The theatre’s first production was Kalidasa’s Shakuntala, the story of the daughter of the sage Vishwamitra from the Mahabharata. The music for the ballet was composed by the legendary musician Hazrat Inayat Khan, who was the founder of the Sufi order in Europe. Khan lived in Russia until the outbreak of the First World War.

Shakuntala by Hazrat Inayat Khan (1993). Source: Sergey Moskalev/YouTube

Muscovites got a taste of India’s age-old tradition of cultural pluralism, with a Muslim musician composing the music for a story from a Hindu epic.

“The performance was the talk of the town and the theatre became an instant success after the premiere,” says Ivan Griko, a historian who is writing a book on Inayat Khan and his St Petersburg-born daughter Noor Inayat Khan (one of the great spies for the Allies in World War II). “By this time, Nicholas Roerich was already famous among the intelligentsia, and there was a strong interest in the mystical and fairy tale land of India,” he adds.

Scholar of Hinduism and Buddhism

Griko says interest in India peaked in the late 19th century in Moscow and St. Petersburg but most academicians and intellectuals had to rely on the works of Europeans such as Max Mueller, although Leo Tolstoy referred to Hindu texts in his works.

One of the first Russians to attempt translations of Sanskrit and Pali texts was Pavel Boulange, a writer and translator, who was a follower of Tolstoy.

In 1911, he wrote ‘The Life and Times of Siddharta Gautam Buddha,’ based on translations from Pali texts. Boulange was also a publisher and was entrusted with the task of publishing a Russian version of Max Mueller’s  ‘Sacred Books of the East.’ This edition was supposed to include the Vedas and Upanishads.

Boulange “expressed dissatisfaction with Max Mueller’s rendering of the Vedas,” Ganga Ram Garg wrote in his book ‘World Perspectives on Swami Dayananda Saraswati.’

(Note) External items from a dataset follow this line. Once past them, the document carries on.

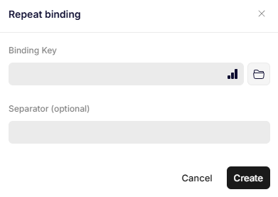 When adding a Repeat binding in a recipe through the binding editor, the following dialog is shown:
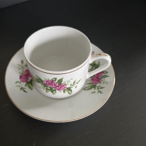 Skål med kopp i rosemønster
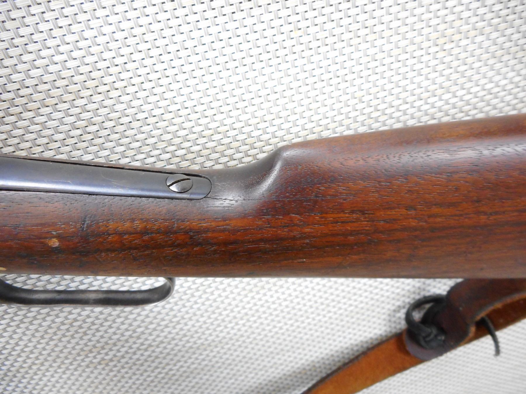 WWII ERA, WINCHESTER , MODEL: 94 , CALIBER: 30 WCF , MANUFACTURED IN 1943-1947, WWII ERA, BORE IS GOOD, HOODED FRONT SIGHT, ADJUSTABLE REAR SIGHT, STOCK HAS BEEN REPAIRED AT THE WRIST, SHOWS SOME HANDLING MARKS AND MINOR DENTS, SLING SWIVELS WITH LEATHER SLING, STEEL BUTT PLATE , SERIAL # 1388785 , ACTION: LEVER ACTION RIFLE , BARREL LENGTH: 20" , CONDITION: 6/10 , STOCK # 8885 , CLASS: CANADIAN NON RESTRICTED CLASS
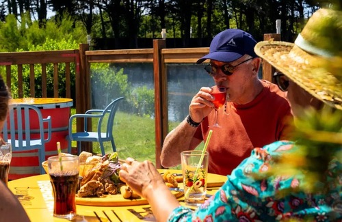 Details: City center access : 1200 m Beach Access : 1200 m Wi-Fi access : Not available in mobile homes, even with supplement. Wifi point at reception and bar at no extra charge Playground for children : with bouncy castle Wellness area : Well-being area: sauna, hammam, and whirlpool: free 1/2 hour slot, upon reservation at reception and subject to availability - open all season from 10 a.m. to 12:30 p.m. and from 2:30 p.m. to 6:30 p.m. (7:30 p.m. in July /august) Final cleaning fee : end-of-stay cleaning package: €120/accommodation (on reservation and subject to availability) - to be paid on site Number of stars : 4 Water park : open all season, from 10 a.m. to 12 p.m. and from 1 p.m. to 7 p.m. (8 p.m. in July/August). NB: Wearing swim shorts, Bermuda shorts, wetsuits or the like is strictly prohibited in the pools. Swimsuit or boxers required. The times indicated are non-contractual and subject to change. Access to the Wellness area (sauna, hammam and hot tubs) may be subject to restrictions, subject to the official health conditions in force during your stay. - Heated indoor space: open from 04/06 to 09/22 - Outdoor aquatic area: open from 04/06 to 09/22, subject to good weather conditions. Sin : seawater pond with fishing (eels and small fish) - bring your fishing equipment - no card because private pond Game room : free access Tourist tax (surcharge) : 0.65€ / day / adult (over 18 years old) - to be paid on site (2023 price) Multisports ground Sports animations Deposit (in supplement) : tarifs et règlement sur place Pets allowed Pets not allowed : Chiens de seconde catégorieInterdits Teen club Kids club Near airport : 63 km Spa Golf hammam Swimming pool Indoor swimming pool Sauna Pets Allowed : 5€ / day // animal - 2 animals maximum per rental Cats subject to camping validation, on request when booking. NAC refused). - compulsory up-to-date and leashed vaccination booklet No weight or size constraints
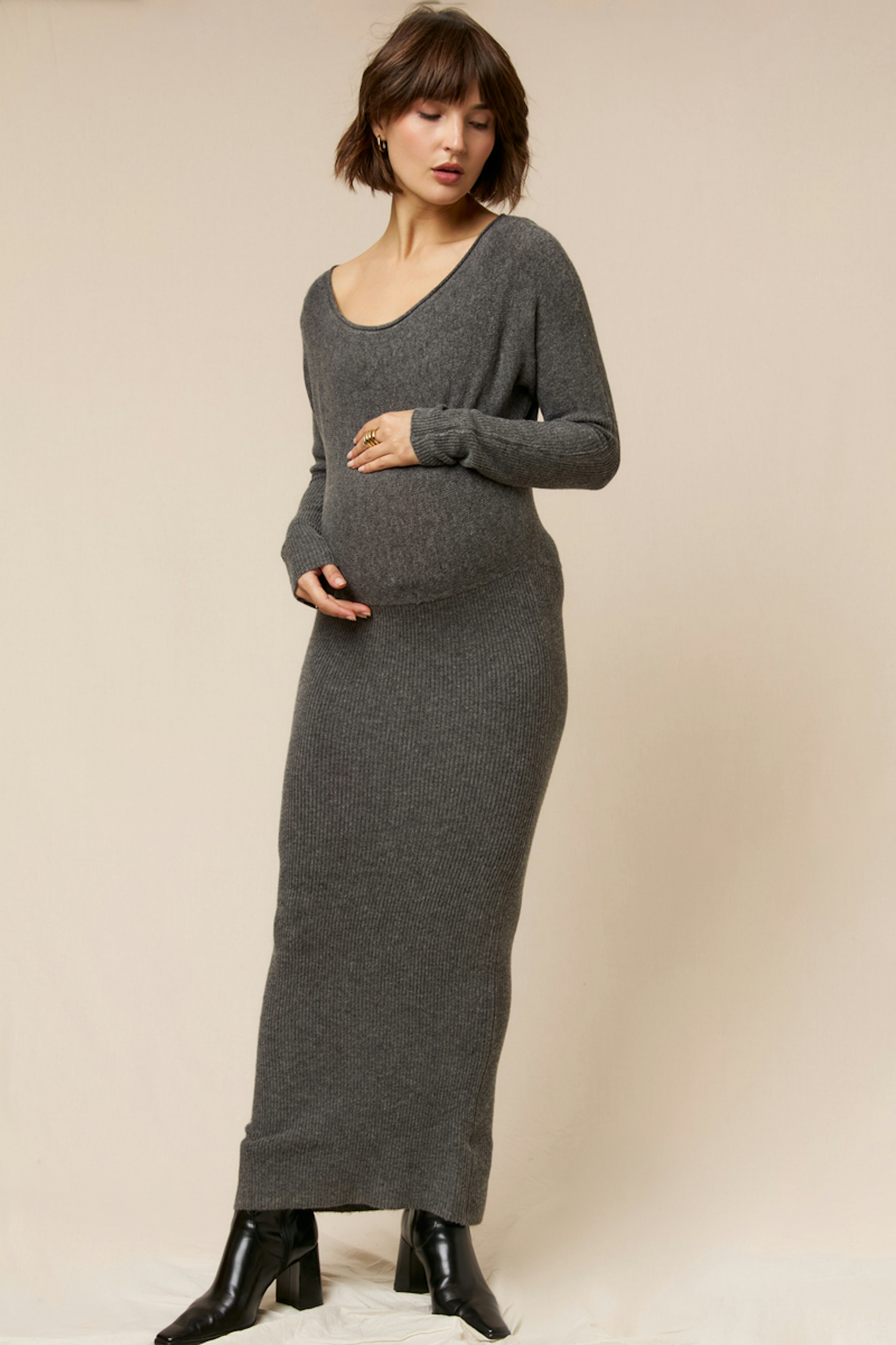 Portez cette robe avec des bottes en cuir et un chapeau doux pour une allure chic hivernale. • Robe longue en tricot • Épaules dénudées • Manches longues • Coupe ajustée • Style côtelé élégant
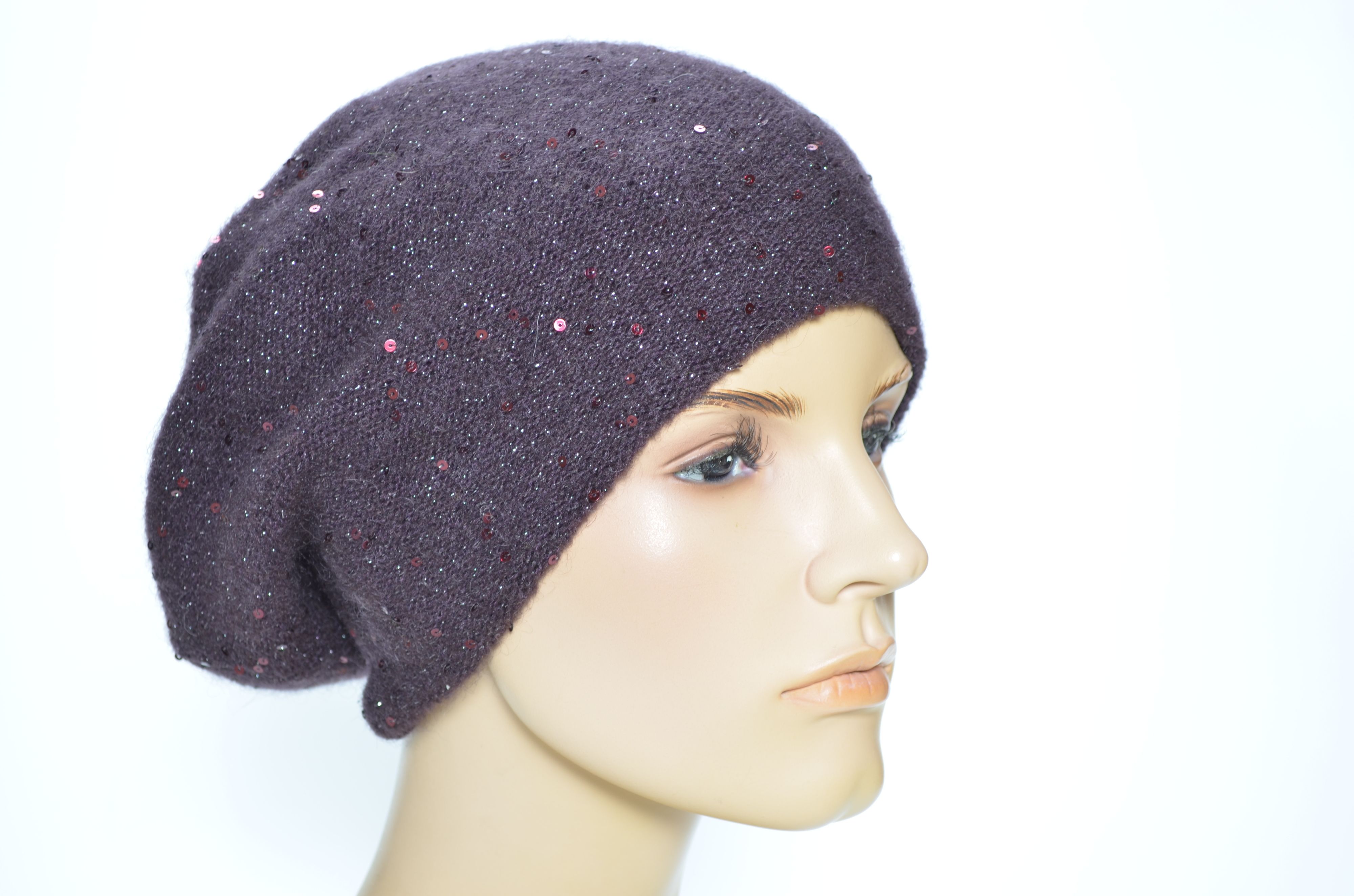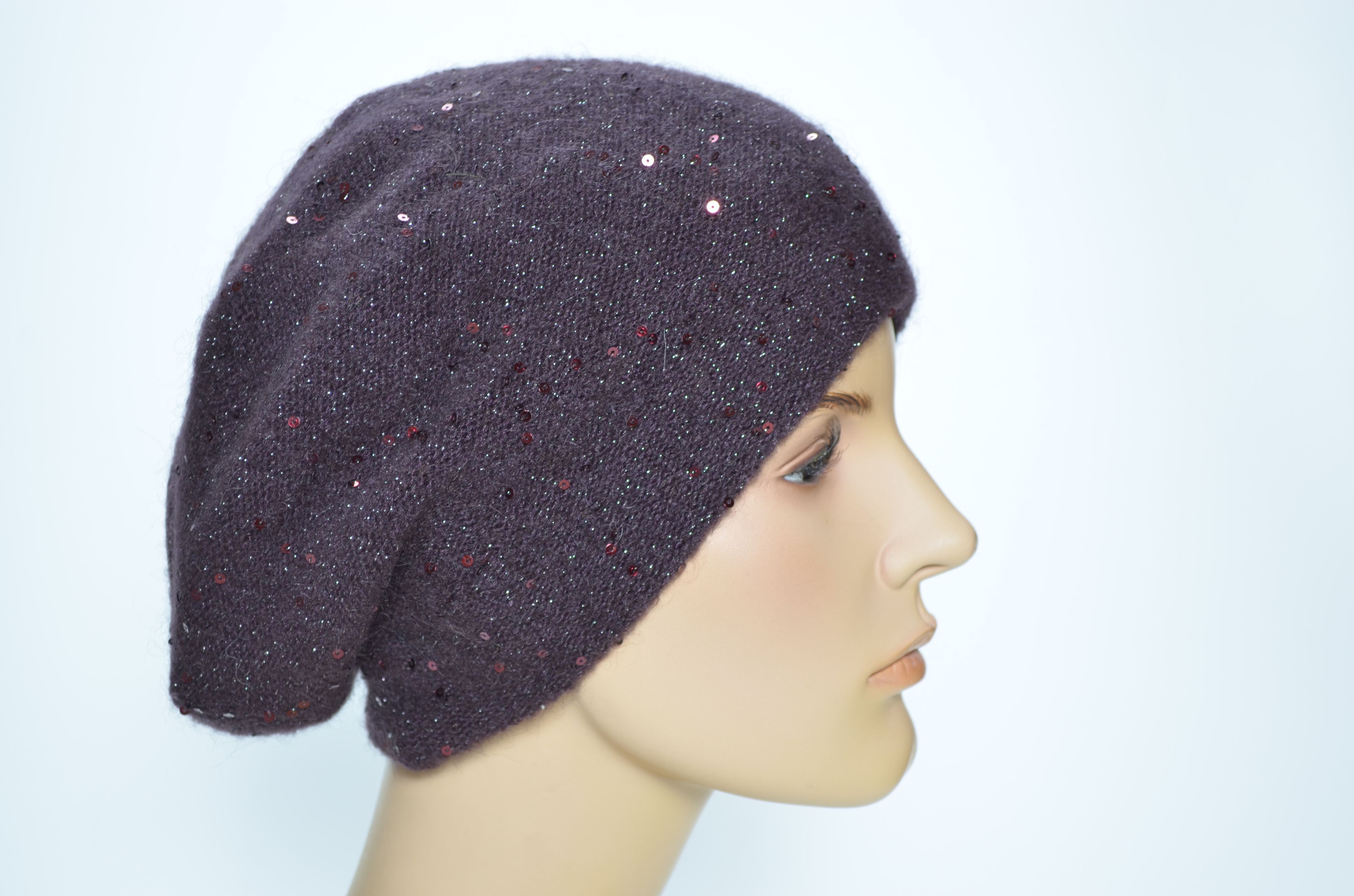 Сливовый зимний берет с пайетками вязаный из мохера с вязаным подкладом

“What struck me in Max Mueller’s translation was a lot of absurdities, obscene passages and a lot of what is not lucid…,” Boulange is quoted as saying in Garg’s book.  “As far as I can grasp the teaching of the Vedas, it is so sublime that I would look upon it as a crime on my part if the Russian public became acquainted with it through the medium of a confused and distorted translation, thus not deriving for its soul that benefit which this teaching should give to the people.”

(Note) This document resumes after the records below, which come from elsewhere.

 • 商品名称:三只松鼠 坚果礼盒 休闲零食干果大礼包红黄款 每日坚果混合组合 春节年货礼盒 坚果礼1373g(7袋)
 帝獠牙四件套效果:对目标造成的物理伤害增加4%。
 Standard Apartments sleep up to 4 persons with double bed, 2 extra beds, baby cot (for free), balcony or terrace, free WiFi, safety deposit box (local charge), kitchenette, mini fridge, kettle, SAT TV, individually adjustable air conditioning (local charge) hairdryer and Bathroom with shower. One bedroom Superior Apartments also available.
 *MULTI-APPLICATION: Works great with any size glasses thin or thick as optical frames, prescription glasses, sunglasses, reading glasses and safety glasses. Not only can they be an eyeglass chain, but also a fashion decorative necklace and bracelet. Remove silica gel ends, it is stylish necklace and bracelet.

The Bolshevik Revolution came in the way of Boulange personally writing about the great Hindu texts. “The communists were suspicious of his religious leanings and what he would publish,” says Griko.

Yoga in Stanislavsky’s studio

Russian theatre director Konstantin Stanislavsky was passionate about yoga and taught his students the Indian physical, mental and spiritual disciplines.

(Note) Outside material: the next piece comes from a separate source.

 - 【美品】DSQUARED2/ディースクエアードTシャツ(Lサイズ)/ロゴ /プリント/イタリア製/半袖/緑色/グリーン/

Stanislavsky’s system, which also called for artists to practice yoga, influenced modern drama theatre around the world.

In this gem of an article, my old friend Konstantin Fets wrote that Stanislavksy used pranayama exercises to develop actors’ creative well-being, including a count for inhaling-exhaling and holding the breath.

“Stanislavsky’s preoccupation with yoga only rose in the years immediately following the 1917 Revolution, when he studied the connections between actors’ psychological and motor and physical conditions,” according to Fets.

Almost a hundred years later, yoga seems to be Moscow’s biggest connection with India. The Russian capital has 268 yoga studios, and more than 3000 people turned up at the Sokolniki Park last year on International Yoga Day.

“Despite being clearly Euro-centric, many Russian intellectuals and artists in the early 20th considered India the cradle of civilization,” says Griko, who is also looking to unearth more proof of turn the century Moscow’s fascination with India, by going through an endless list of archives.

Tailpiece

All it takes is ten minutes with an Indologist in Russia to really understand how deep the connections between our two countries actually are. A misguided perception is India is that the great political and personal ties between the countries are the result of Cold War geopolitics.